My mom read an article she was telling me about the other day that pointed out how children these days are becoming less and less able to distinguish their “wants” from their “needs.” The basic premise of the article was that children who never learned the value of a dollar (or how to distinguish their “wants” from their “needs”) often grew up into adults who maxed out credit cards and owed for everything they had. While I searched to find the specific article that she had read online without success, I did find this other equally relevant article that had one point that literally shocked me – did you know that “some university administrators report that they lose more students to credit card debt than to academic failure”????
Apparently, teens entering college are offered an average of EIGHT credit cards during the first week of school and most continue to carry three of them throughout their student years. Here’s the article in full below:
At any rate, my mom suggested that my son (3 years old) was probably old enough now to “learn” the value of money in a fun, engaging way. The last two days we visited our hometown and my parents. While staying there, my mom came up with “chores” Shaan could help with to earn some quarters. For instance, while folding laundry my mom asked him to take some socks and place them in a drawer in her bedroom. Then, she had him help with some sweeping this morning. Throughout the last few days he has done some odds and ends (and age appropriate) “chores” to earn quarters. Earlier today, he was able to trade in his four quarters at the bank of Mr. Sandman (“aka” my dad) for a dollar bill. He was so proud.

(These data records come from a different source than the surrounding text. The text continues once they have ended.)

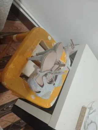 Elegantes sandalias de tacón alto con diseño de tiras cruzadas. - Tacón fino y plataforma delantera. - Cierre de hebilla en el tobillo. - Color plateado. - Número 38. - Altura tacón 10 cm. y altura plataforma 1,5 cm. - Usadas solo en una ocasión. - Tienen un pequeño roce en la plataforma de la sandalia del pie derecho (se adjunta foto).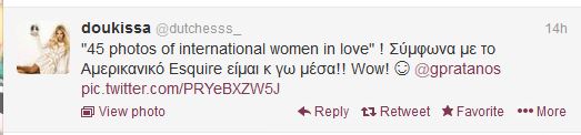 Την είδηση αυτή την ανάρτησε και η ίδια η Δούκισσα μέσα από τον προσωπικό της λογαριασμό στο twitter γράφοντας: “Σύμφωνα με το αμερικανικό Esquire είμαι και εγώ μέσα”.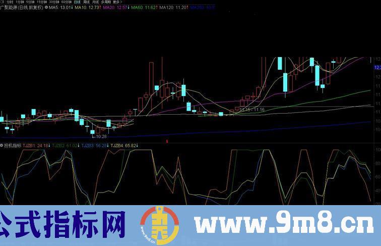 由于有上下边界的技术指标在接近边界(95以上,5以下)地方钝化,图形不直观,方向性不强。能否改善这个区间,让指标的方向性更强。笔者选用了WR和RSI指标配搭,以0-100为上下界,50为中轴,上强下弱。区间(5-95)用法同RSI。由于有上下界的局限,计算时将强弱势区间(95-100,0-5)的指标值取100或0。这样使单边趋势运行的股票在持续上涨时候指标在100走平,反之在0走平。将一般技术指标的钝化表达为趋势,看起来更加直观。取5,10,20,30日来研判走势。软件中的投机指标分别用红、黄、蓝、白四线代表5日、10日、20日、30日投机指标。TJ5、TJ10、TJ20、TJ30后面的数值,则分别是四种周期投机指标当前的数值。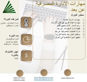 لذا يسرنا ان نقدم الى حضراتكم ورشه بعنوان(مهارات الادارة المصرفيه عن بعد) ولمدة يومان وبواقع 2ساعه يومين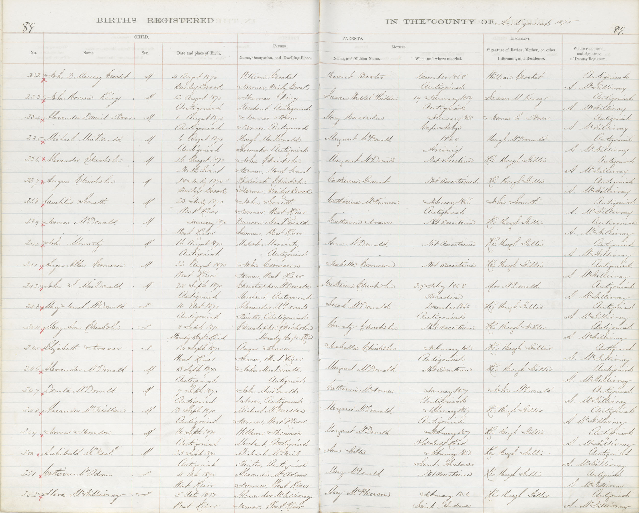 Birth Registration: Year: 1870 book: 1802 page: 89 number: 235

It’s been really neat to see how this game has helped Shaan see how difficult it is to earn money and how much “work” it takes to earn the toys he so desperately craves. He now understands that it take four quarters (or four chores) to equal one toy from the Dollar Tree. We told him that he could either use his dollar to buy one toy from the Dollar Tree or he could save it and keep doing more chores to earn something bigger and he’s decided he wants to save it for now. How cool is that???
At any rate, I think the “earning quarters” game is good for several reasons:
1) It helps Shaan understand the value of a dollar and that things bought have to be earned (i.e. “Money doesn’t grow on trees!”)
2) It has helped him understand the concept of different denominational amounts. For instance, he now understands that four quarters make a dollar. Later on, we could introduce that five one dollar bills make a $5 bill, etc…
3) It’s Biblical!!!! “Lazy people want much but get little, but those who work hard will prosper.” – Proverbs 13:4
Just wanted to share in case some of you are interested in letting your young ones “earn” their quarters as well!